The Northrop M2-F3 was a heavyweight lifting body rebuilt from the Northrop M2-F2 after it crashed at the Dryden Flight Research Center in 1967. It was modified with an additional third vertical fin - centered between the tip fins - to improve control characteristics. The "M" refers to "manned" and "F" refers to "flight" version.

Development
Early flight testing of the M2-F1 and M2-F2 lifting body reentry configurations had validated the concept of piloted lifting body reentry from space. When the M2-F2 crashed on May 10, 1967, valuable information had already been obtained and was contributing to new designs.
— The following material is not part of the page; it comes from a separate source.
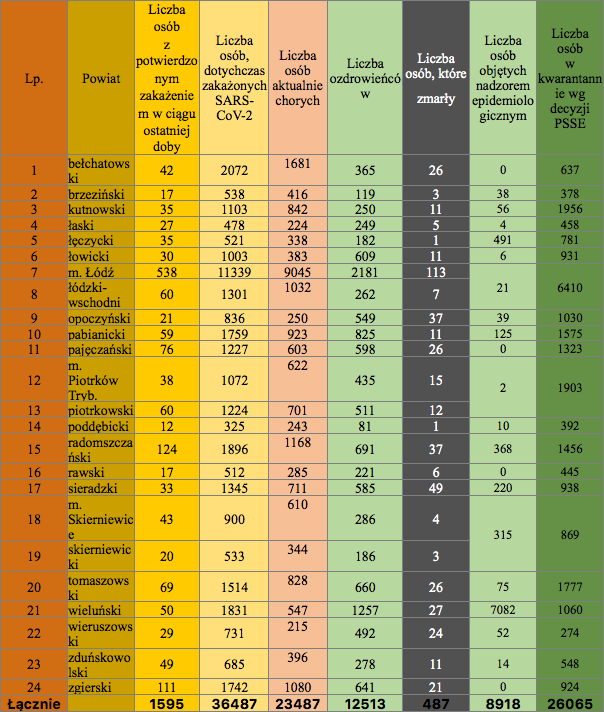 Są to dane Łódzkiego Urzędu Wojewódzkiego na dzień 6 listopada 2020 oku.
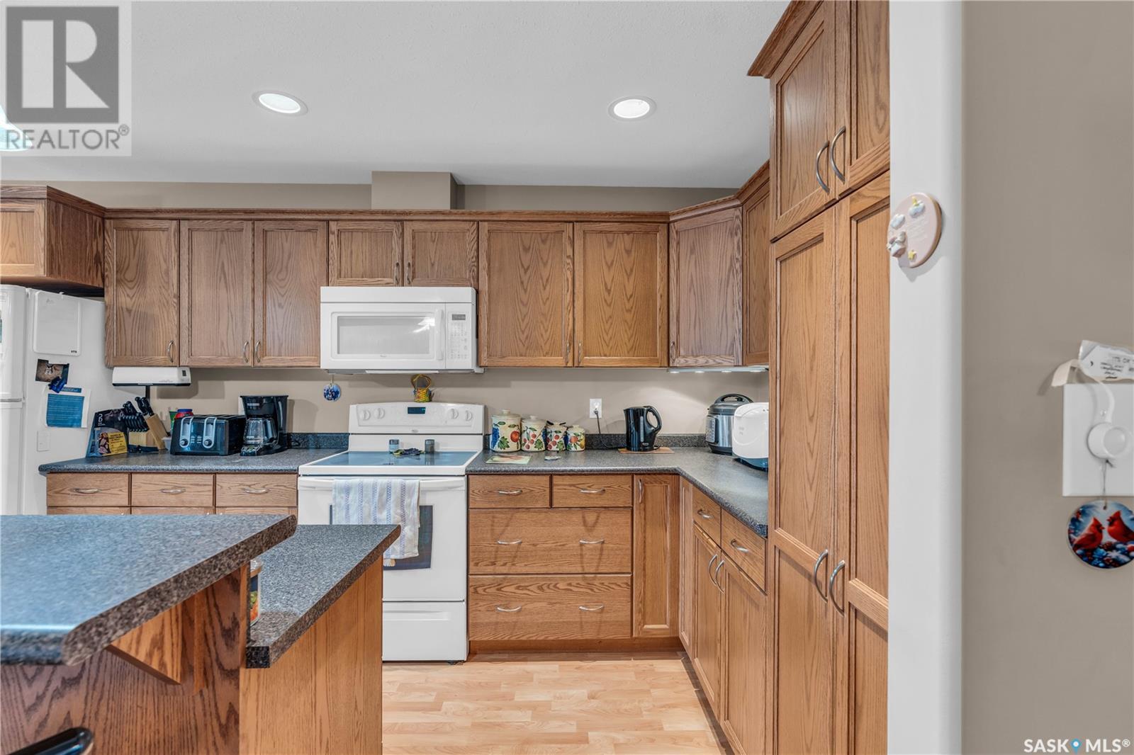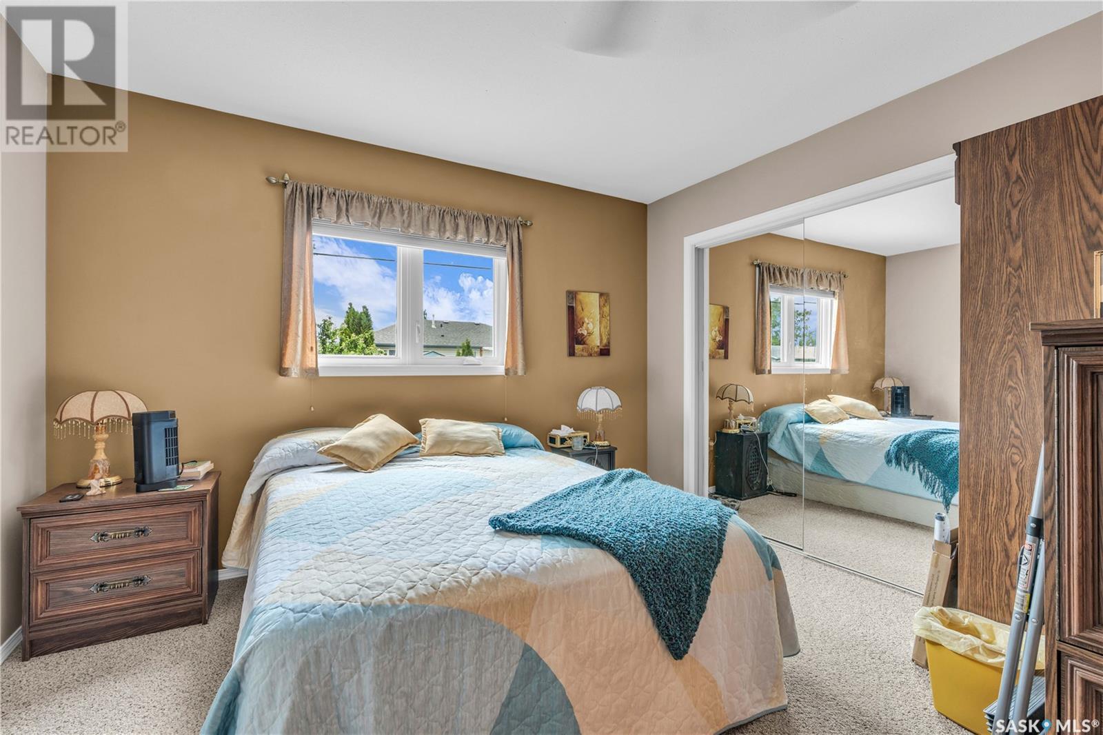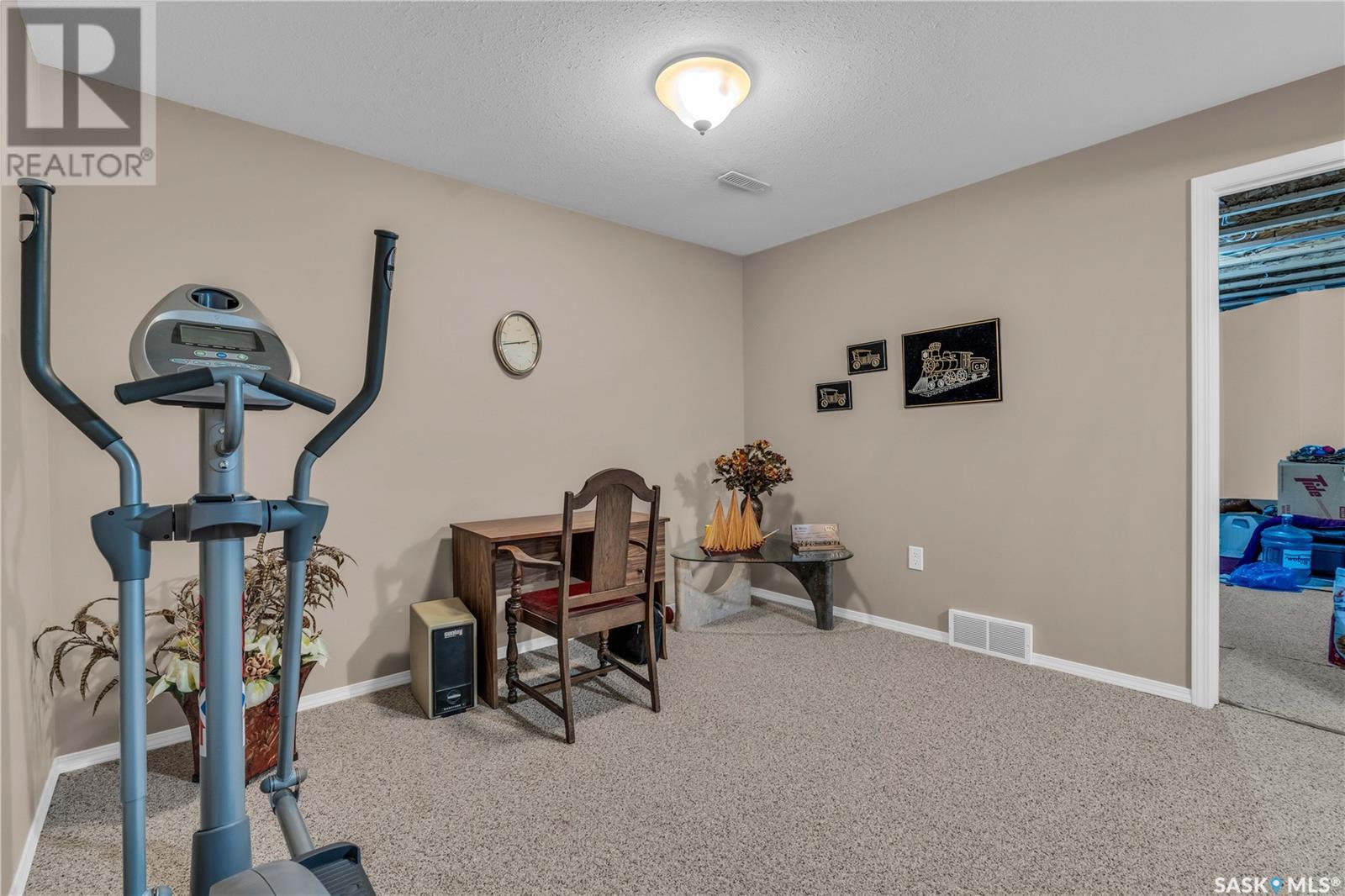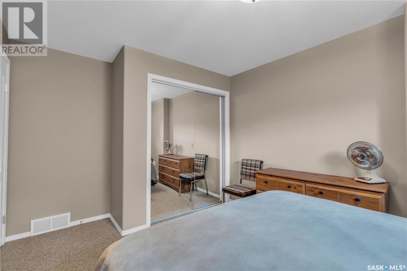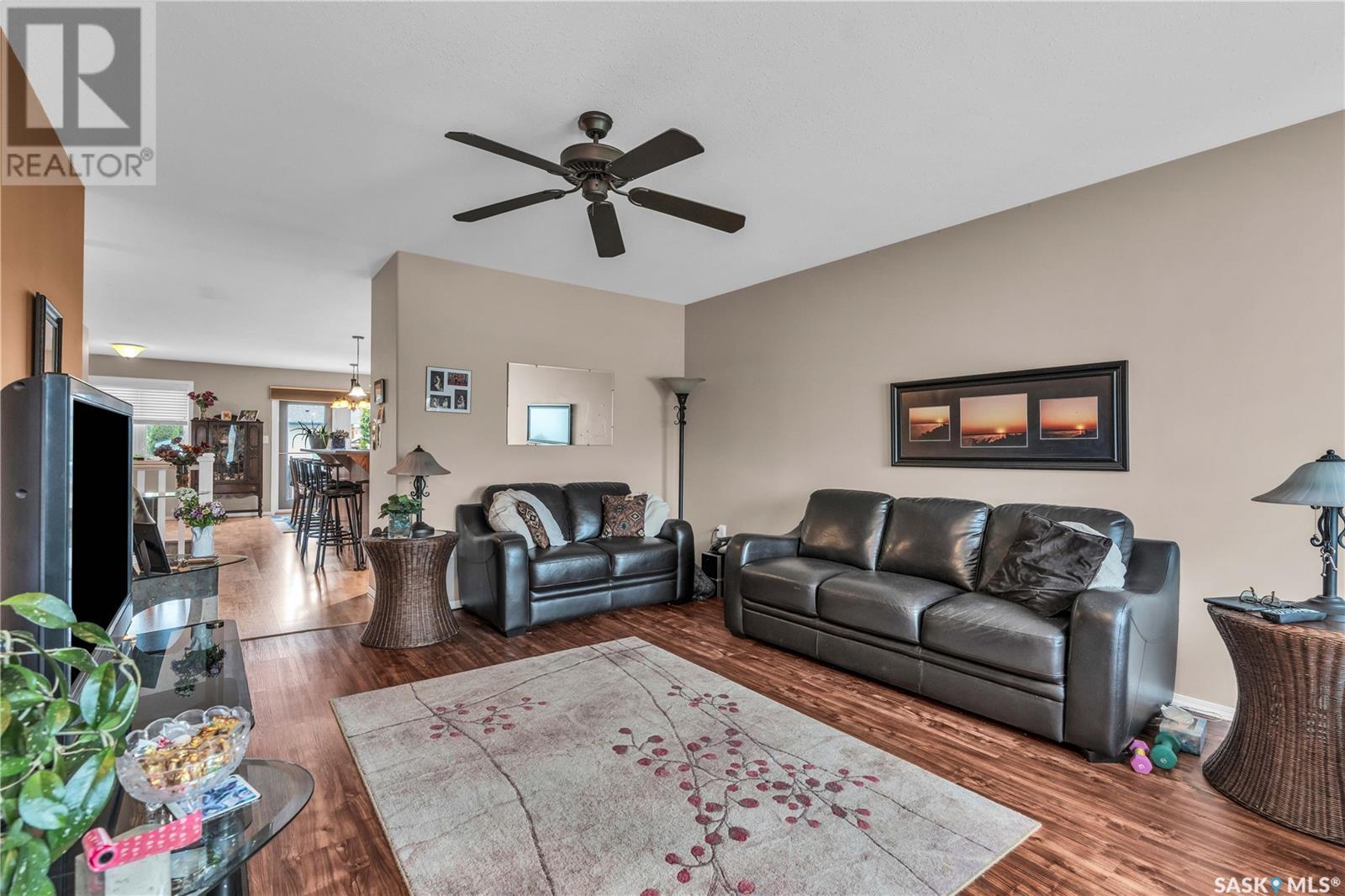 $250 MonthlyThis well-maintained and thoughtfully customized condo is located on a quiet, well-established street in the Town of Battleford. The property offers comfortable and functional living in a prime location, ideal for those looking to downsize without sacrificing space or convenience. The main level features a bright and open layout, with a custom staircase design that sets this unit apart from others in the development. By reversing the stair orientation, the main living area feels more spacious and functional. The large kitchen offers ample cabinetry, updated appliances, and an eat-up island that flows seamlessly into the dining area. From the dining room, step out into a fully landscaped backyard complete with a deck, stone patio, and large storage shed. The home includes main floor laundry, a generous primary suite with a 5-piece ensuite and walk-in closet, and direct entry to an attached garage that’s fully insulated and finished with clean metal walls, great for year-round use, storage, or projects. The fully developed basement offers two additional bedrooms and an abundance of storage space, making this unit an excellent option for those needing extra room for guests, hobbies, or long-term organization. Lovingly cared for and in move-in ready condition, this condo offers low-maintenance living in a quiet, desirable location in Battleford. (id:43042)

NASA pilots said the M2-F2 had lateral control problems, so when the M2-F2 was rebuilt at Northrop and redesignated the M2-F3, it was modified with an additional third vertical fin - centered between the tip fins - to improve control characteristics.

After a three-year-long redesign and rebuilding effort, the M2-F3 was ready to fly. The May 1967 crash of the M2-F2 had torn off the left fin and landing gear. It had also damaged the external skin and internal structure. Flight Research Center engineers worked with Ames Research Center and the Air Force in redesigning the vehicle with a center fin to provide greater stability. At first, it seemed that the vehicle had been irreparably damaged, but the original manufacturer, Northrop, did the repair work and returned the redesigned M2-F3 with a center fin for stability to the FRC.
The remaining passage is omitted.